The answer must consist solely of the lines from the line with "finishes, sophisticated lighting" to the final line of the data below, reproduced exactly, pictures omitted.

START PROVIDED RECORDS

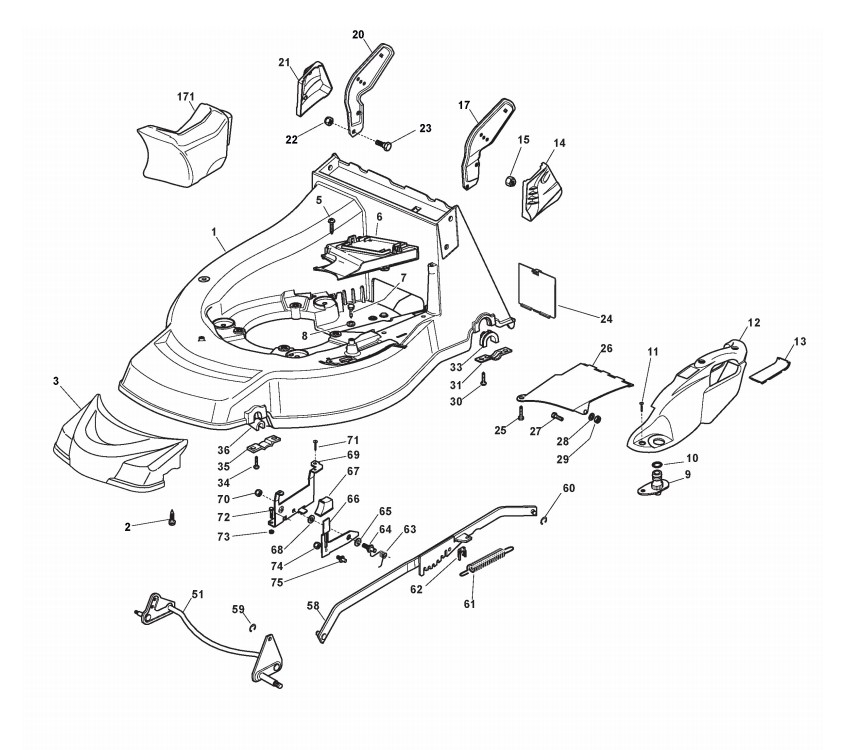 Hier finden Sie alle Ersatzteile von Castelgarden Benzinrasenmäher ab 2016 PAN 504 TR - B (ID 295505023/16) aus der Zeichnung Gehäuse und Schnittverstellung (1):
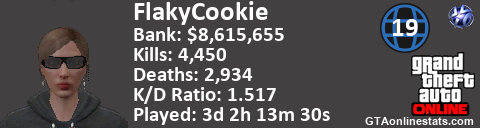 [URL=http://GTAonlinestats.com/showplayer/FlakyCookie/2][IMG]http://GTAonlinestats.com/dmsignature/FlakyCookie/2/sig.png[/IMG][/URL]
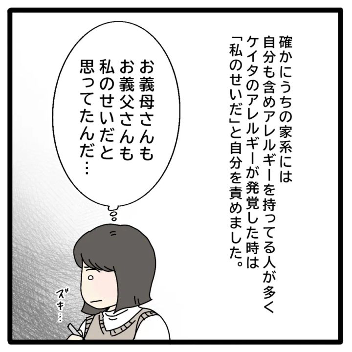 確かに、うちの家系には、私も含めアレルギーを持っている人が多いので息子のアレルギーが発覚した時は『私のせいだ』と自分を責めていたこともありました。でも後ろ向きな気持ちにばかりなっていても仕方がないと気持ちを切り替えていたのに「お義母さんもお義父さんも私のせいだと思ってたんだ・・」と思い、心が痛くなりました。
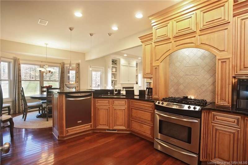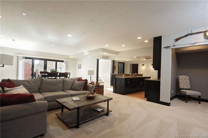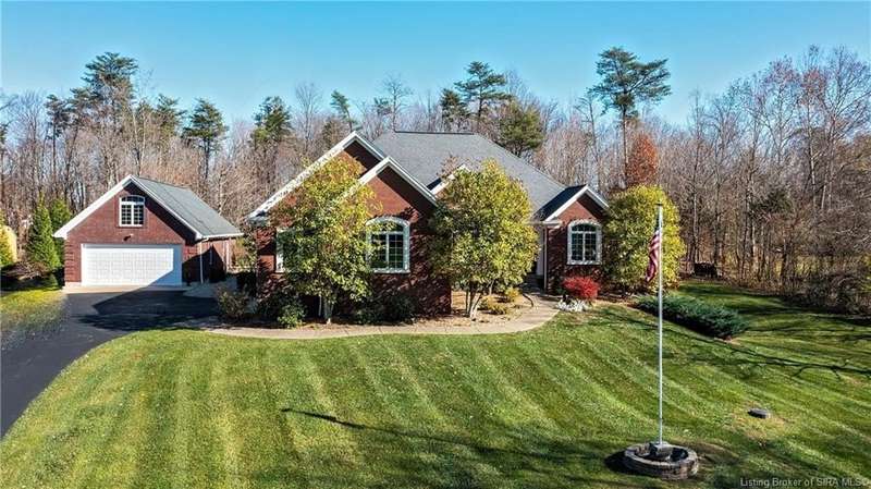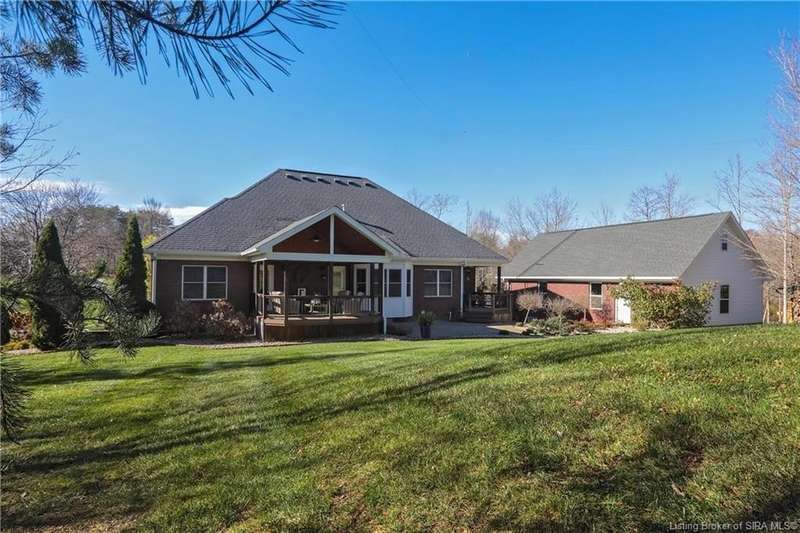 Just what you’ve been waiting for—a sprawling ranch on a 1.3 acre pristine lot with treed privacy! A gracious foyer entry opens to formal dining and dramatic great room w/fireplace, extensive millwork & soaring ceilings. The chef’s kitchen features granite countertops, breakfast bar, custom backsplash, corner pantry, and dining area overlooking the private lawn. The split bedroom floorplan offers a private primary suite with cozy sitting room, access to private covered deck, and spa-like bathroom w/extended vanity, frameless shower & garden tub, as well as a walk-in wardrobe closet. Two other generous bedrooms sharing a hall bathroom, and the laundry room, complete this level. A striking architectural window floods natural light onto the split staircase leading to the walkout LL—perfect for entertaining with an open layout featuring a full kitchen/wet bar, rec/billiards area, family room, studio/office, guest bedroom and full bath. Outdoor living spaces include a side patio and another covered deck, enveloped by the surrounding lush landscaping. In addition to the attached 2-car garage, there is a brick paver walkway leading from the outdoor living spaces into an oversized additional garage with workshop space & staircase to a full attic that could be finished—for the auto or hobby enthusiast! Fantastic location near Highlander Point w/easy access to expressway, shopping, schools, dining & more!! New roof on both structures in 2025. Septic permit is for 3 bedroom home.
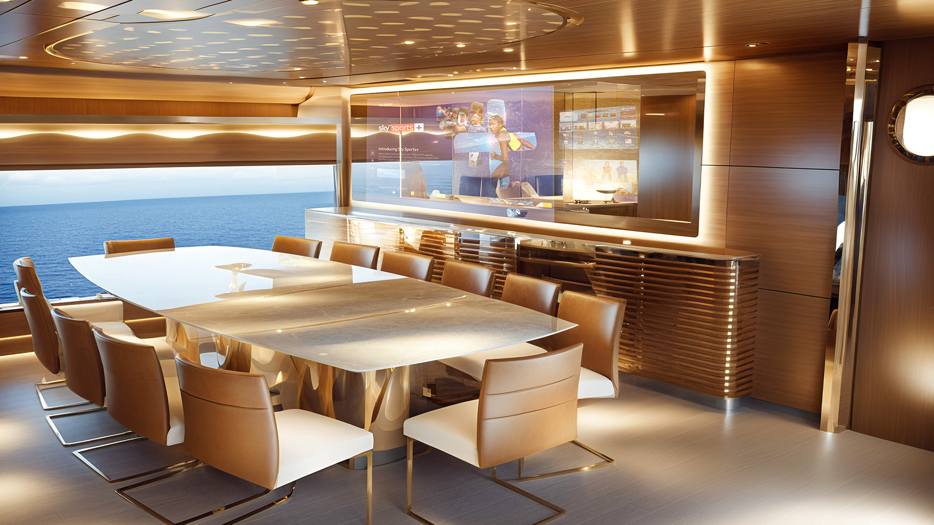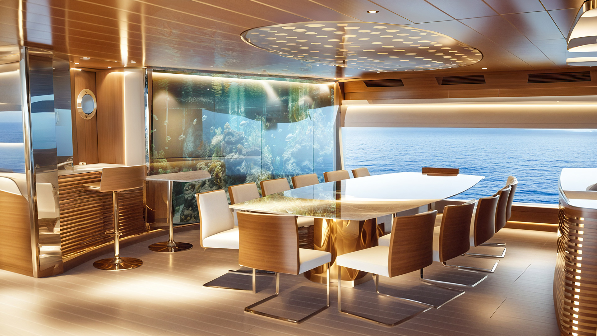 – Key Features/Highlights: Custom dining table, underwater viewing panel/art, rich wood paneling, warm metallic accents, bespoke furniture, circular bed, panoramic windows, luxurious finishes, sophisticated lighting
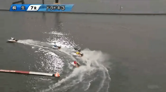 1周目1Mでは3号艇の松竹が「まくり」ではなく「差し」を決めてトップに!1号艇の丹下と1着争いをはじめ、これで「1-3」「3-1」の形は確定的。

END PROVIDED RECORDS

* _TASK SOLUTION_:
 – Key Features/Highlights: Custom dining table, underwater viewing panel/art, rich wood paneling, warm metallic accents, bespoke furniture, circular bed, panoramic windows, luxurious finishes, sophisticated lighting
 1周目1Mでは3号艇の松竹が「まくり」ではなく「差し」を決めてトップに!1号艇の丹下と1着争いをはじめ、これで「1-3」「3-1」の形は確定的。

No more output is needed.